■ ASSIGNMENT ■
Up to and including the line with "The large master", write out the listing from its first line, minus the pictures.

______

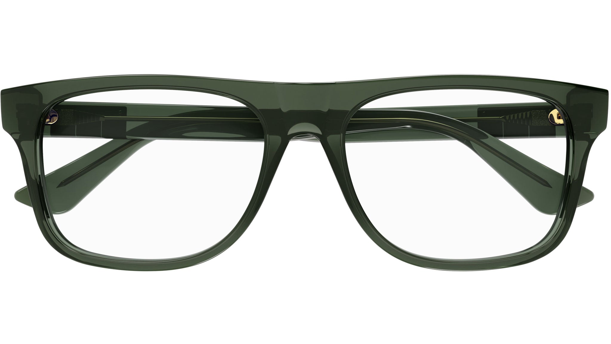 Occhiali da vista Gucci modello GG1117O linea GG Logo in iniettato forma rettangolare codice colore 005 verde trasparente lucido con aste in verde e lenti demo. Rivenditore autorizzato Gucci online. Gli occhiali vengono consegnati con custodia e accessori originali e sono coperti dalla garanzia ufficiale di 12 mesi del produttore.
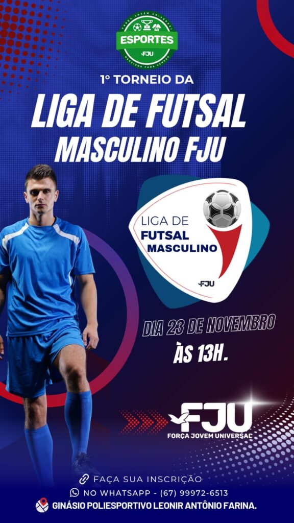 A Força Jovem Universal (FJU) de Veranópolis realiza, no domingo, dia 23 de novembro, o 1º Torneio da Liga de Futsal Masculino FJU, evento que promete reunir jovens atletas da cidade e da região em uma tarde de integração, esporte e confraternização. A competição está marcada para iniciar às 13h, no Ginásio Poliesportivo Leonir Antônio Farina.
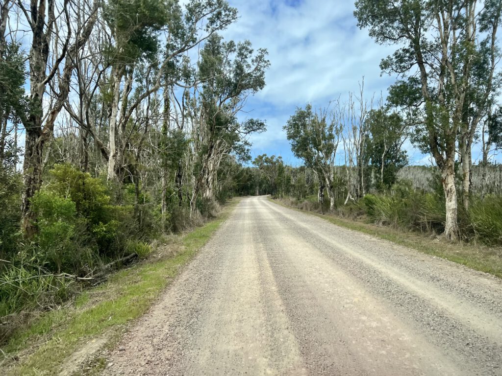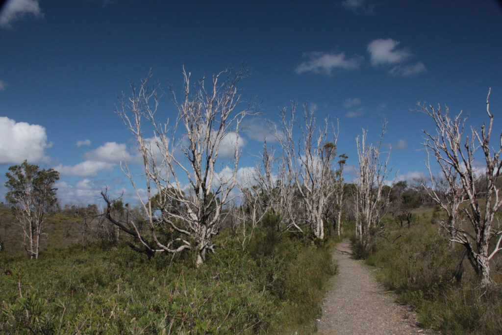 Nachdem uns die Mücken freundlich aufforderten weiter zu gehen, kamen wir schnell aus dem Wald heraus auf weitläufige Flächen. Hier in der Gegend haben in den Jahren 2019/2020 schwere Waldbrände gewütet. Einige Wegabschnitte führten durch gespenstig anmutende Totwälder – abgestorbene Bäume an denen die Spuren der Feuer noch sehr gut zu sehen sind. Dennoch schienen vor allem die Paper Bark Trees dem Feuer stand gehalten zu haben. Hier sprießten bereits wieder neue Treibe und Äste. Die weitläufigen Flächen sind bereits wieder mit Bodendeckern und kleinen Pflanzen übersäht.
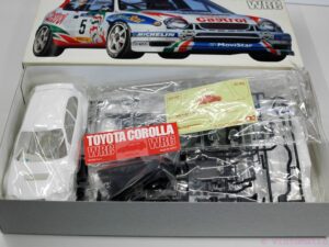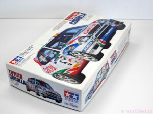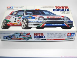 Tamiya model kit of this famous Japanese “Toyota Corolla World Rally Car”. Driven by rally drivers like Sainz and Auriol.
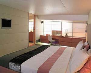 The large master cabin is situated forward. She has a double bed, study area, walk in wardrobe, marble bathroom with shower and separate head.
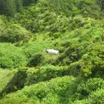 Hamnen på Flores har en lång vågbrytare som skyddar för de flesta vindriktningar. Längst in finns en marina som just nu håller på att färdigställas. När vi ankrade upp på kvällen den 5 juni var det bara ett par andra båtar på svaj så det fanns gott om plats. Efter en hel natts ostörd sömn pumpade vi jollen och tog oss iland. Marinan verkar fin och påkostad men dyningen letar sig in och vattnet strömmar fram och tillbaka och det rycker i förtöjningarna, vi är glada att vi ligger för ankar i lugn och ro här utanför. Den amerikanska båten Astor som vi sett på flera öar hade kommit strax före oss och berättade att ”myndigheten” dyker upp då och då i hamnen, formulären skrivs på motorhuven och sedan är det klart. Inte alls så krångligt som det står i pilotböckerna. Nu var han dock inte på plats så vi utforskade byn istället. Ner mot hamnen ligger små fina stenhus, överallt där det finns möjlighet odlas det för husbehov. Potatis, lök, blommor, men också bananer – klimatet här är jämnt pga havet och tydligen tillräckligt varmt. De bofasta verkar ta sig tid att stanna till och prata, och det finns verkligen att prata om eftersom det var val i Portugal i går. Det lokala valresultatet är anslaget på kommunhusets dörr. Det socialistiska regeringspartiet (PS) fick 50 röster men krossades av center-högerpartiet (PPD/PSD) som fick 118 röster. Man kan ju också prata om vem som röstade på kommunistpartiet eller vänsterpartiet för nationell förnyelse som fick en röst var. Partiet för djur och natur fick tre röster, lika många som det monarkistiska partiet. Vår portugisiska begränsar sig i stort sätt till bom dia och obrigado (goddag och tack) men det går bra ändå eftersom de flesta här kan engelska. Mannen som visade oss vägen till affären kommenterade valresultatet med – It sucks!
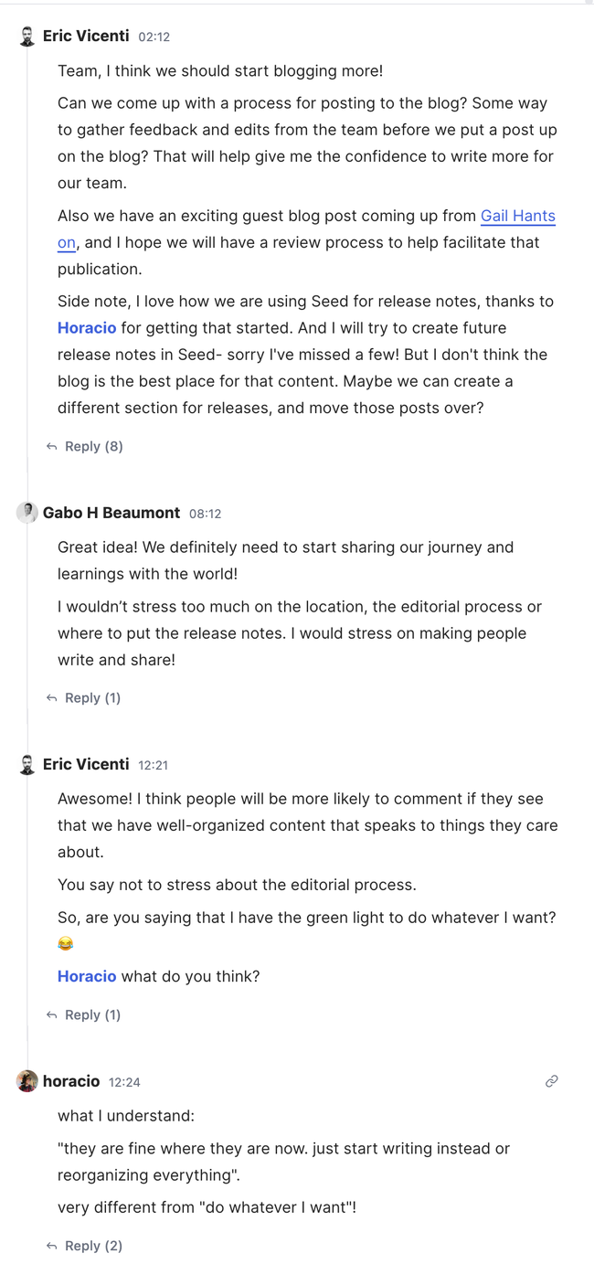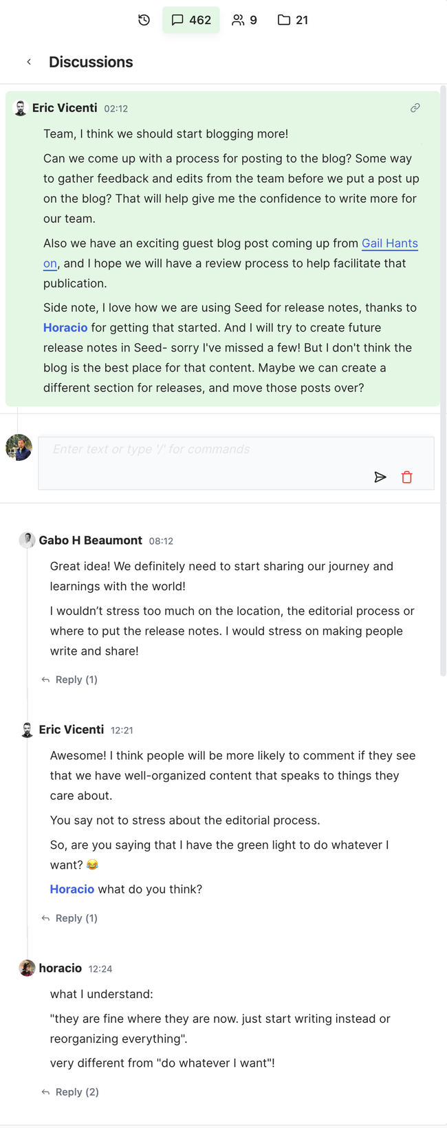 Why when I click on Eric's comment, I don't see the 5 replies to Horacio's comment? This is the most confusing part. The number says 8, but there's no way to see those 8 comments.
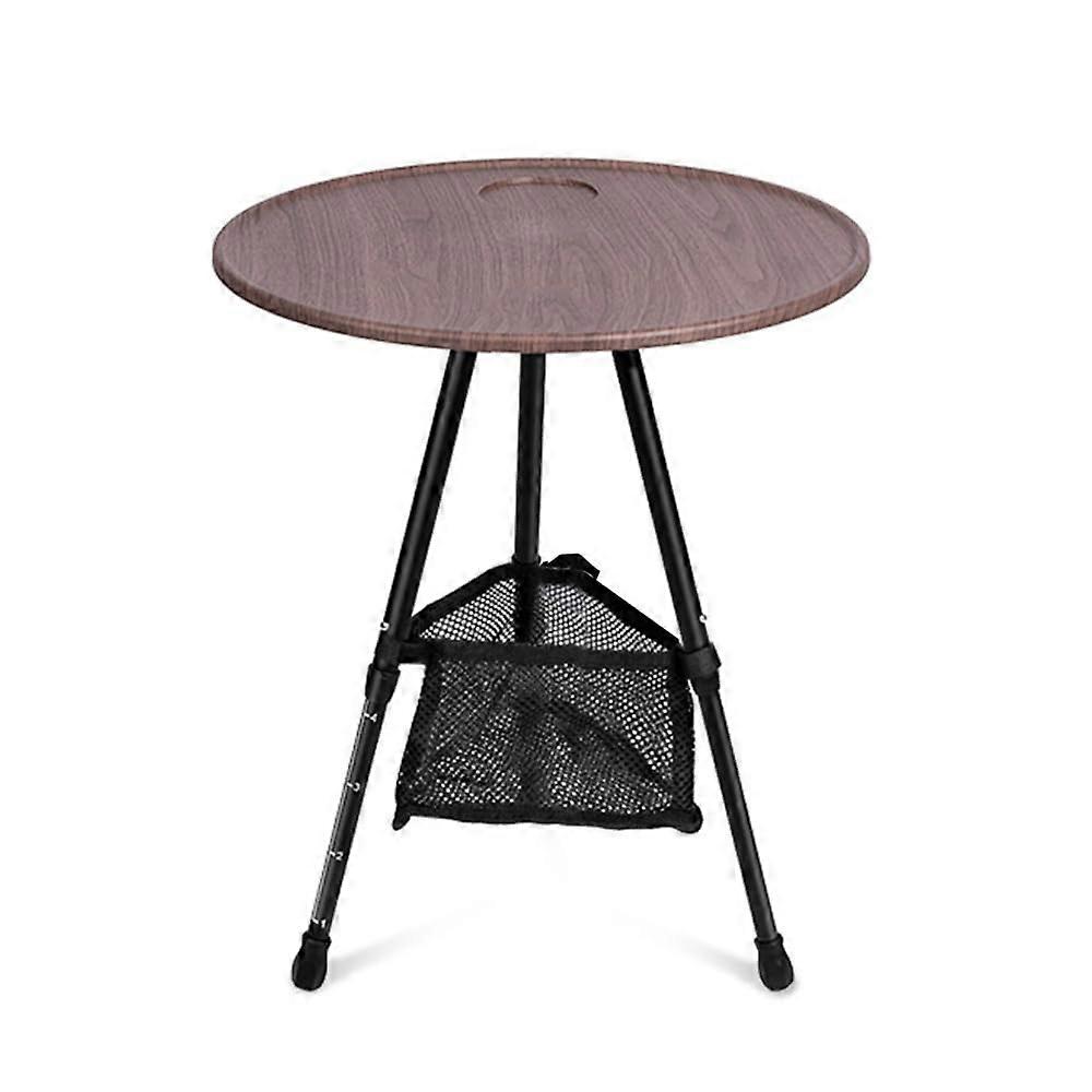 Portable Outdoor Folding Round Table 5 Adjustable Height Levels Storage Bag Patio Backyard Dining Coffee Wood Color
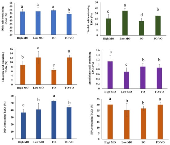 Alterations of oleic acid-, linoleic acid-, linolenic acid-, arachidonic acid-, DHA-, and EPA-containing TAGs in salmon muscle tissue when fed four different diets (High MO: high microbial oil; Low MO: low microbial oil; FO: fish oil; FO/VO: a mixture of fish and vegetable (canola oil). Data are mean ± s.d., n = 6. Values in each panel that have a different letter are significantly different (p < 0.05).

______

■ ANSWER SECTION ■
 Occhiali da vista Gucci modello GG1117O linea GG Logo in iniettato forma rettangolare codice colore 005 verde trasparente lucido con aste in verde e lenti demo. Rivenditore autorizzato Gucci online. Gli occhiali vengono consegnati con custodia e accessori originali e sono coperti dalla garanzia ufficiale di 12 mesi del produttore.
 A Força Jovem Universal (FJU) de Veranópolis realiza, no domingo, dia 23 de novembro, o 1º Torneio da Liga de Futsal Masculino FJU, evento que promete reunir jovens atletas da cidade e da região em uma tarde de integração, esporte e confraternização. A competição está marcada para iniciar às 13h, no Ginásio Poliesportivo Leonir Antônio Farina.
 Nachdem uns die Mücken freundlich aufforderten weiter zu gehen, kamen wir schnell aus dem Wald heraus auf weitläufige Flächen. Hier in der Gegend haben in den Jahren 2019/2020 schwere Waldbrände gewütet. Einige Wegabschnitte führten durch gespenstig anmutende Totwälder – abgestorbene Bäume an denen die Spuren der Feuer noch sehr gut zu sehen sind. Dennoch schienen vor allem die Paper Bark Trees dem Feuer stand gehalten zu haben. Hier sprießten bereits wieder neue Treibe und Äste. Die weitläufigen Flächen sind bereits wieder mit Bodendeckern und kleinen Pflanzen übersäht.
 Tamiya model kit of this famous Japanese “Toyota Corolla World Rally Car”. Driven by rally drivers like Sainz and Auriol.
 The large master cabin is situated forward. She has a double bed, study area, walk in wardrobe, marble bathroom with shower and separate head.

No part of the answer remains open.